== EXERCISE BRIEF ==
Verbatim copy, images omitted: return the full listing.

== DATA BELOW ==
»»

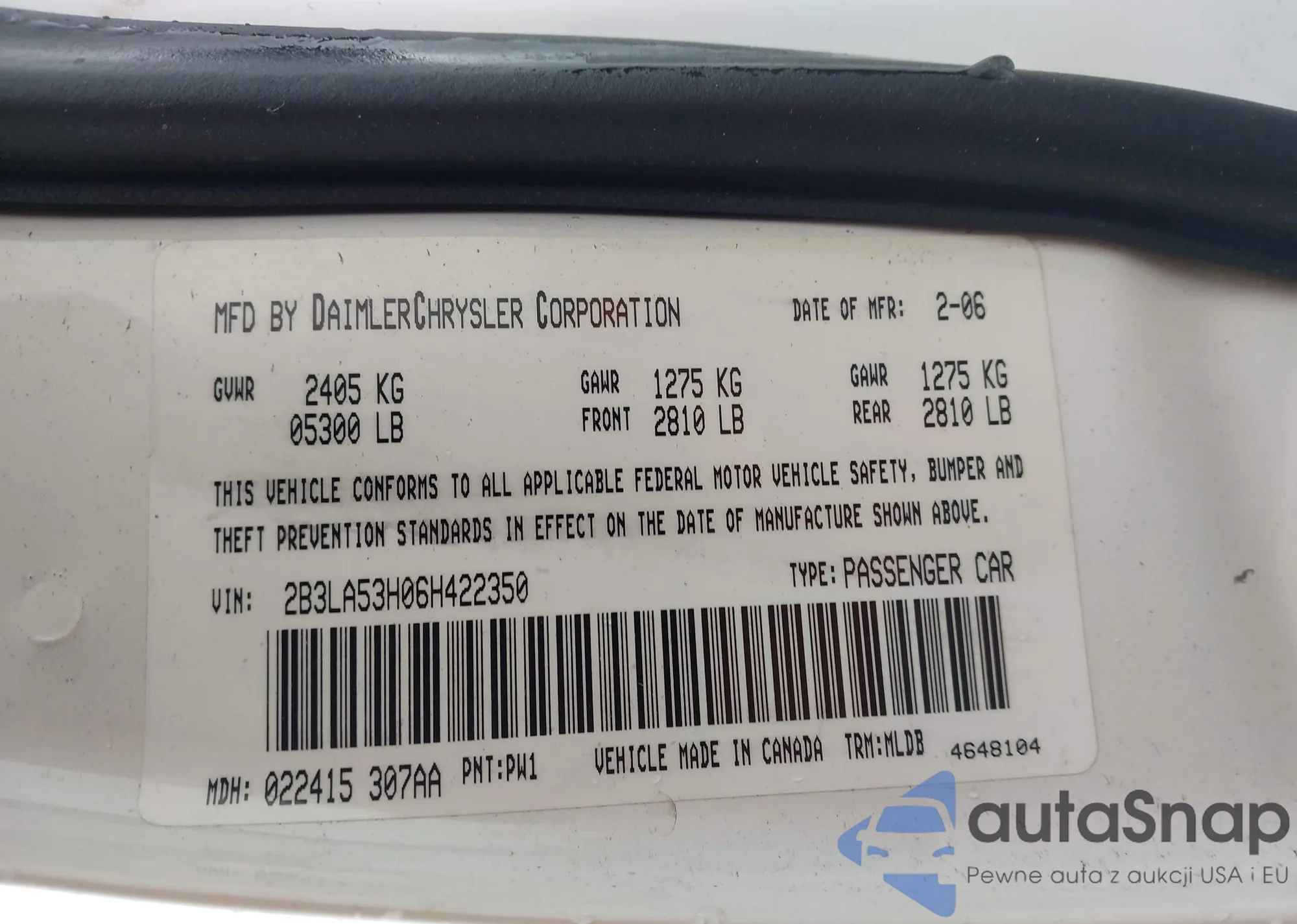 • VIN 2B3LA53H06H422350
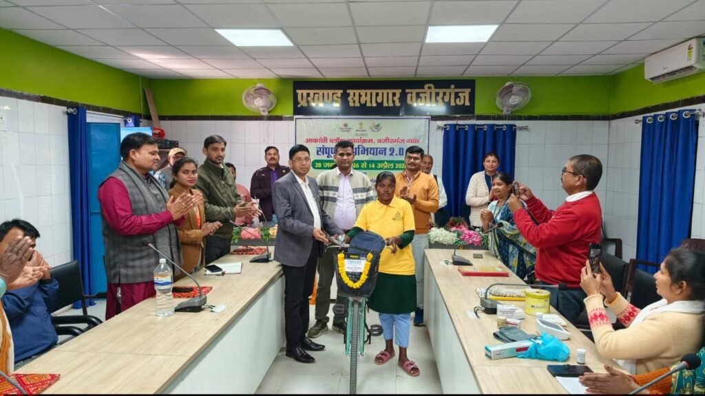 वजीरगंज।वजीरगंज प्रखंड मुख्यालय के ट्राईसेम भवन में मंगलवार को 90 दिवसीय सम्पूर्णता अभियान की शुरूआत बैठक आयोजित कर की गई। प्रखंड विकास पदाधिकारी प्रभाकर सिंह ने कहा कि यह कार्यक्रम सभी आकांक्षी प्रखंडों में नीति आयोग के माध्यम से चलाया जा रहा है, जिसमें 6 प्रमुख संकेतकों पर कार्य करना है। मातृ एवं शिशु स्वास्थ, पोषण, स्कूलों में शौचालय, तपेदिक के मामलों की पहचान और पशु टीकाकरण शामिल है। इन सभी योजनाओं को पूरा करने का लक्ष्य इस अभियान के माध्यम से रखा गया है, जिसमें संबंधित पदाधिकारियों व कर्मियों तथा जनप्रतिनिधियों को आपसी समन्वय बनाकर कार्य करना होगा। वहीं प्रखंड कार्यान्यवयन समिति के अध्यक्ष महेश प्रसाद सिंह, अमैठी मुखिया अशोक पासवान, करजरा मुखिया राजकुमार पासवान, पंसस आनंद मिलींद सहित अन्य जनप्रतिनिधियों ने कहा कि सर्वाधिक मामले आईसीडीएस से जुड़े हुए हैं, जिसमें परियोजना पदाधिकारी को हमलोग सहयोग करेंगे। मौके पर मौजूद नीति आयोग पदाधिकारी ने भी अपनी बात रखी तथा लक्ष्य की पूर्ति के लिए सभी को प्रेरित किया। बैठक के दरम्यान सेंटर डायरेक्टर व मुकुल फाउंडेशन के माध्यम से एक असहाय बालिका को साइकिल दिया गया। प्रखंड समन्वयक धर्मेन्द्र कुमार ने बताया कि संस्थान के माध्यम से असहाय बालिकाओं को शिक्षा के प्रति जागृत करने, बाल विवाह रोकने के उद्देश्य की पूर्ति के लिए प्रखंड में दो बालिकाओं का चयन किया गया था, जिसमें से एक बच्ची को पूर्व में साइकिल मिल चुका है, यह बच्ची बीमार थी, जिसे आज बुलाकर बीडीओ प्रभाकर सिंह के द्वारा साइकिल दिलवाया गया है। अंत में सभी जनप्रतिनिधियों, पदाधिकारियों व कर्मियों ने लक्ष्य की प्राप्ति के लिए सामुहिक रूप से शपथ ली।
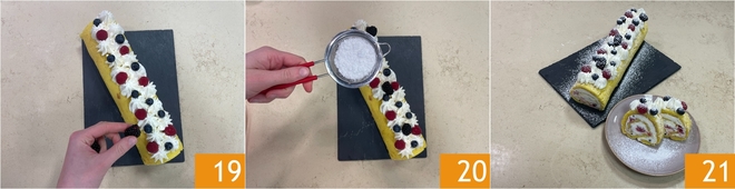Fügen Sie Himbeeren, Heidelbeeren und Brombeeren wechselweise hinzu für einen eleganten und eindrucksvollen Effekt 19. Zum Abschluss bestreuen Sie es leicht mit Puderzucker 20. Die gluten- und laktosefreie Rolle ist bereit, serviert zu werden 21.

««

== EXERCISE RESPONSE ==
 • VIN 2B3LA53H06H422350
 वजीरगंज।वजीरगंज प्रखंड मुख्यालय के ट्राईसेम भवन में मंगलवार को 90 दिवसीय सम्पूर्णता अभियान की शुरूआत बैठक आयोजित कर की गई। प्रखंड विकास पदाधिकारी प्रभाकर सिंह ने कहा कि यह कार्यक्रम सभी आकांक्षी प्रखंडों में नीति आयोग के माध्यम से चलाया जा रहा है, जिसमें 6 प्रमुख संकेतकों पर कार्य करना है। मातृ एवं शिशु स्वास्थ, पोषण, स्कूलों में शौचालय, तपेदिक के मामलों की पहचान और पशु टीकाकरण शामिल है। इन सभी योजनाओं को पूरा करने का लक्ष्य इस अभियान के माध्यम से रखा गया है, जिसमें संबंधित पदाधिकारियों व कर्मियों तथा जनप्रतिनिधियों को आपसी समन्वय बनाकर कार्य करना होगा। वहीं प्रखंड कार्यान्यवयन समिति के अध्यक्ष महेश प्रसाद सिंह, अमैठी मुखिया अशोक पासवान, करजरा मुखिया राजकुमार पासवान, पंसस आनंद मिलींद सहित अन्य जनप्रतिनिधियों ने कहा कि सर्वाधिक मामले आईसीडीएस से जुड़े हुए हैं, जिसमें परियोजना पदाधिकारी को हमलोग सहयोग करेंगे। मौके पर मौजूद नीति आयोग पदाधिकारी ने भी अपनी बात रखी तथा लक्ष्य की पूर्ति के लिए सभी को प्रेरित किया। बैठक के दरम्यान सेंटर डायरेक्टर व मुकुल फाउंडेशन के माध्यम से एक असहाय बालिका को साइकिल दिया गया। प्रखंड समन्वयक धर्मेन्द्र कुमार ने बताया कि संस्थान के माध्यम से असहाय बालिकाओं को शिक्षा के प्रति जागृत करने, बाल विवाह रोकने के उद्देश्य की पूर्ति के लिए प्रखंड में दो बालिकाओं का चयन किया गया था, जिसमें से एक बच्ची को पूर्व में साइकिल मिल चुका है, यह बच्ची बीमार थी, जिसे आज बुलाकर बीडीओ प्रभाकर सिंह के द्वारा साइकिल दिलवाया गया है। अंत में सभी जनप्रतिनिधियों, पदाधिकारियों व कर्मियों ने लक्ष्य की प्राप्ति के लिए सामुहिक रूप से शपथ ली।
Fügen Sie Himbeeren, Heidelbeeren und Brombeeren wechselweise hinzu für einen eleganten und eindrucksvollen Effekt 19. Zum Abschluss bestreuen Sie es leicht mit Puderzucker 20. Die gluten- und laktosefreie Rolle ist bereit, serviert zu werden 21.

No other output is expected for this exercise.